この非効率さ故にビジネスが成り立つらしく、銀行からは「50万円で手続代行をする」と言われました。因みに弁護士に頼むと相続財産の3%くらい、司法書士への依頼では30万円くらいかかりそうです。

どうして、コンビニで相続手続きができないのでしょうか?

私は別に冗談を言っている訳ではありません。「相続人が複数いて」「相続人どおしの協議」が必要なケースを除いて、私一人が相続人の場合はマイナンバーカードを使用すれば、コンビニで「相続証明書」ができるようなシステムを作ればいいのです。

もし、マイナンバーカードに、現在行政が使用している個人情報を紐づけることが可能であるなら、何兆円もの費用の節約が可能でしょうし、コンビニで相続手続きや婚姻手続きができるようになるでしょう。行政の内部に昭和の終わりから平成の最後まで過ごした者は、アナログからデジタルに替わる時代を過ごしています。例えば、「事業場台帳」と言われた紙台帳から、1年がかりで基準システムに情報を入力して本当に業務効率は良くなりました。

例えば、「2021年度の転倒災害における60代以上高齢者の割合はどのくらいか?」という質問に、今では数分で答えられますが、昔は一日がかりで台帳をめくったものです。

もちろん、「マイナンバーに全ての個人情報を紐づけることで数兆円の行政改革を行う」というマイナンバー推進派の意見に対し、「情報が中央に集中すると、国による統制がきつくなり怖い」「情報漏洩した場合、全ての情報が漏洩してしまう」等の反対意見があるのは当然ですが、私はそれは別の次元の問題であると思います。私はデジタル推進賛成派です。

さて地方労働局では現在困ったことが起きているそうです。例の「今年の5月のアスベスト訴訟の最高裁での判決及びその後の和解」を受け、厚生労働省本省では、地方労働局に対し、局及び労働基準監督署で所有している監督記録・労災認定記録当をPDFにして本省に送付するように命じたそうです。ここで、困惑したのは現場の職員です。本省の意図は分かるものの、各労働局及び監督署には書類をPDFに効率よく変換する機械がないのです。

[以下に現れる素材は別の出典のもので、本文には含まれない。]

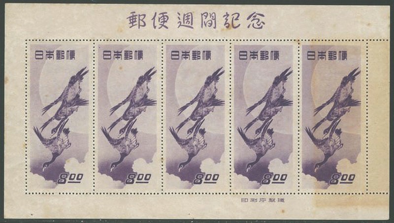 JAPÃO – (*) 437 (Patos) Mini folhas com 5 exemplares. Último (5º selo) com mancha de ferrugem e não contado. Peça lavada, mas mesmo assim com pontos de ferrugem – 700 Euros para 4 selos isolados..

現在、多くの企業に導入されている「書類の束の裏表を1枚づつ読み取り、書類の束を瞬時にPDFとする機械」が地方労働局や監督署にはなく、旧式な書類1枚ごとにPDFに変換する機械しかないのです。どうやら、本省には最新式のPDF変換機があるようで、この命令を地方労働局にした者は、現場の実情をまったく理解してなかった模様です。

(注)この情報は6月末のもので、現在ではさすがに「是正」されているものです。

デジタル化を進めるにあたり、まずは全国の局・署にPDF変換機の設置からはじめなくてはならないとは、まだまだ道は遠そうです。